When I was in high school in the early-to-mid-’00s, I went through a brief phase where I was obsessed with a band called The Redwalls. They were a local group who had started out playing in bars as a Beatles cover band, and they weren’t much older than I was when they were signed to Capitol Records and thrust into a short-lived brush with fame that included late-night TV appearances, European tours opening for the likes of Oasis and festival gigs before they eventually fizzled out and broke up. Their original material bore a heavy resemblance to the work of their British Invasion influences, and they dressed the part — shaggy haircuts, long sideburns, tight pants, Beatle boots — so naturally, they were plagued by questions about authenticity and claims that they were too derivative. (Why, people wanted to know, were four guys born and raised in the Chicago suburbs singing in British accents?)

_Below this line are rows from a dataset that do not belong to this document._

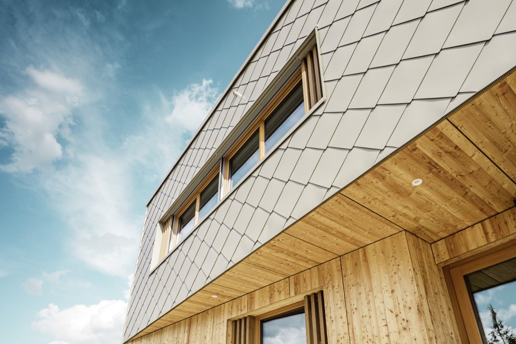 - Typ fasádní krytiny: PREFA fasádní šablona 44 × 44, PREFALZ
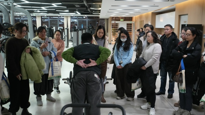 社会体育指导(健身)课程的现场也很热闹,学员们紧盯授课老师的动作示范,在口令引导下精准练习肩颈拉伸的发力技巧、核心训练的科学方法,不仅舒缓了工作日久坐积累的疲惫,更在沉浸式学习中解锁专业健身技能。
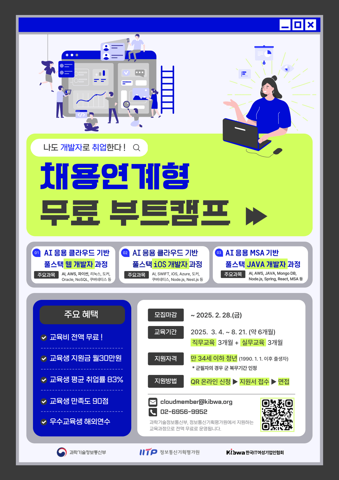 ☎ 교육 문의: 담당자 사무국(02-6956-9952, 02-6956-9518, 02-6956-9504 / cloudmember@kibwa.org)
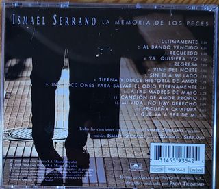 CD del año 1998. Cd del álbum La memoria de los peces de Ismael Serrano. Incluye el CD original. Ideal para coleccionistas de música española. E S
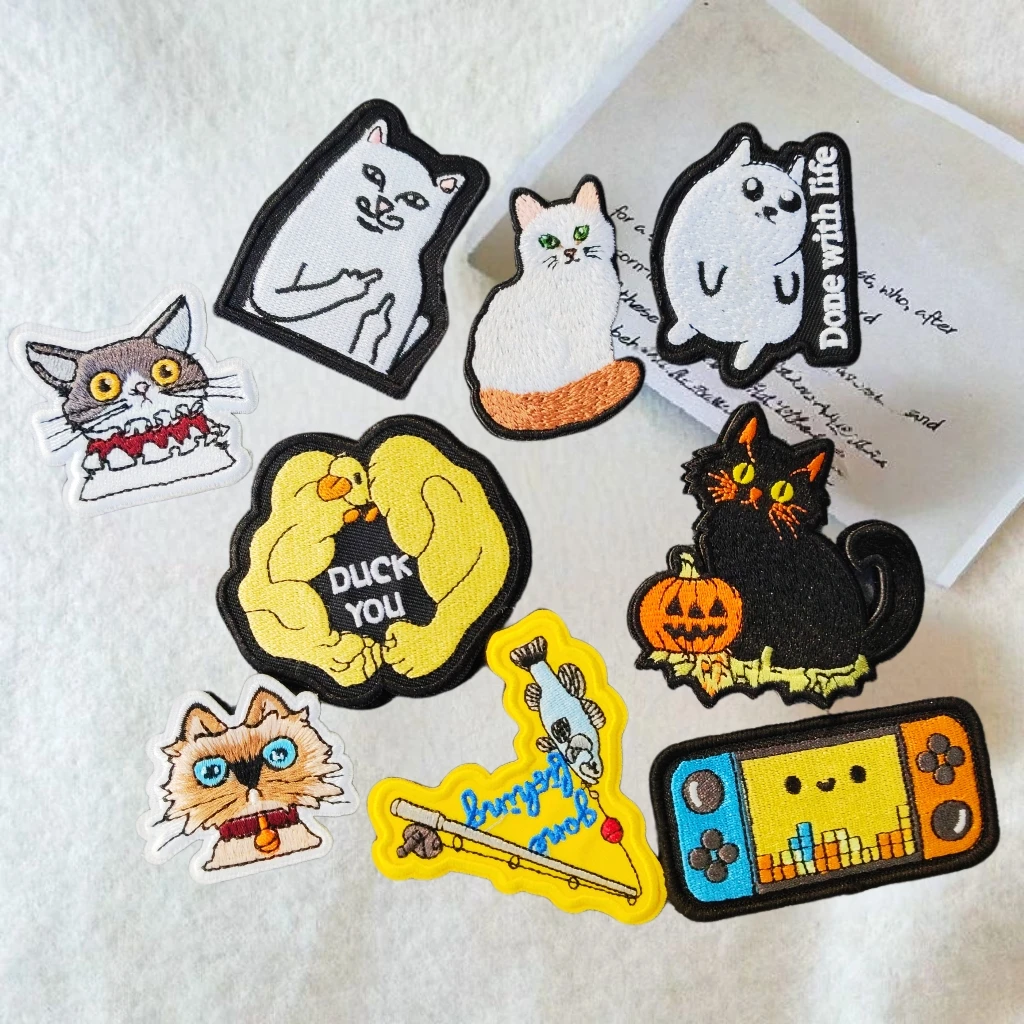 Parches bordados tácticos militares de gato lindo de Halloween, brazalete de construcción corporal de pato, mochila, sombreros, insignia, pegatinas, apliques
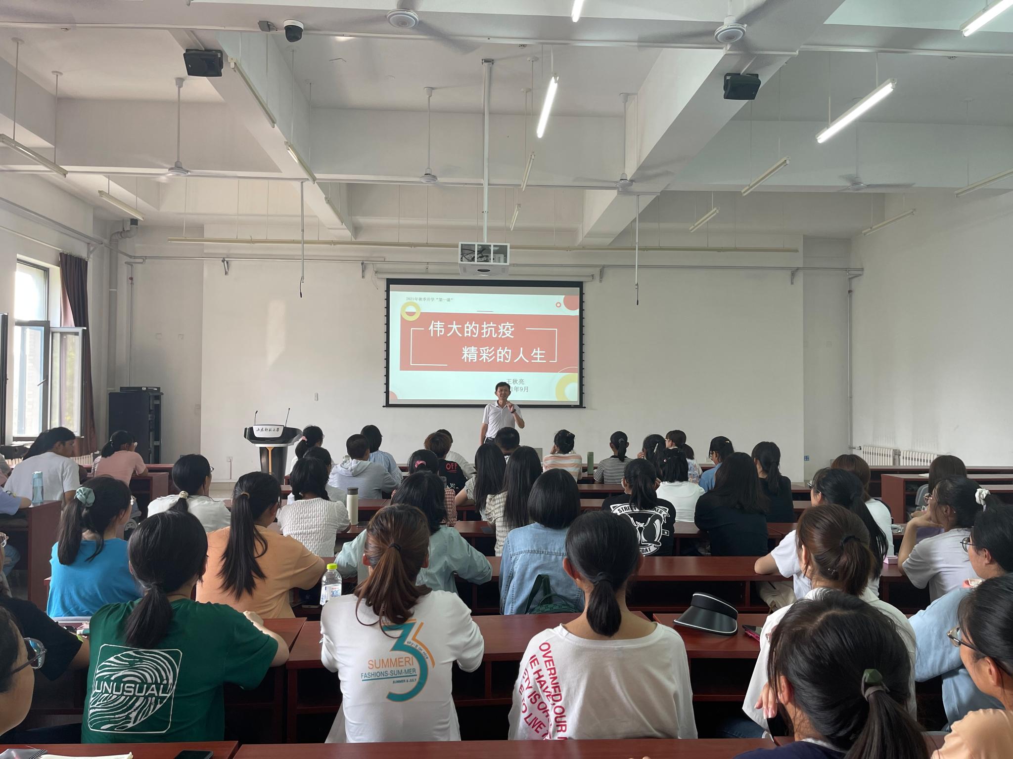 王秋亮结合习近平总书记“七一”重要讲话精神,从疫情中的爱国主义、“四个自信”、疫情防控的另一面、伟大的政党,中国共产党和持续做好疫情防控工作五个方面,全面系统的回顾和总结了我国的疫情防控过程。他引用习近平总书记在“七一”讲话中对青年人的寄语,勉励同学们胸怀壮志,刻苦学习,力争成为堪当时代大任的国之栋梁。

At the time, I was unbothered by the criticisms hurled at them. I couldn’t see how the way they wore their influences on their sleeves was any different than the ways other popular rock groups of the era like The Strokes and The White Stripes did. Oh no, they sound too much like one of the best bands of all time, I’d sneer when confronted with the fact that lead singer Logan Baren was perhaps just doing a too-accurate John Lennon impression. How awful. Eventually, I got older, my interest faded, and I could see that the questions about their authenticity were, in fact, fair ones.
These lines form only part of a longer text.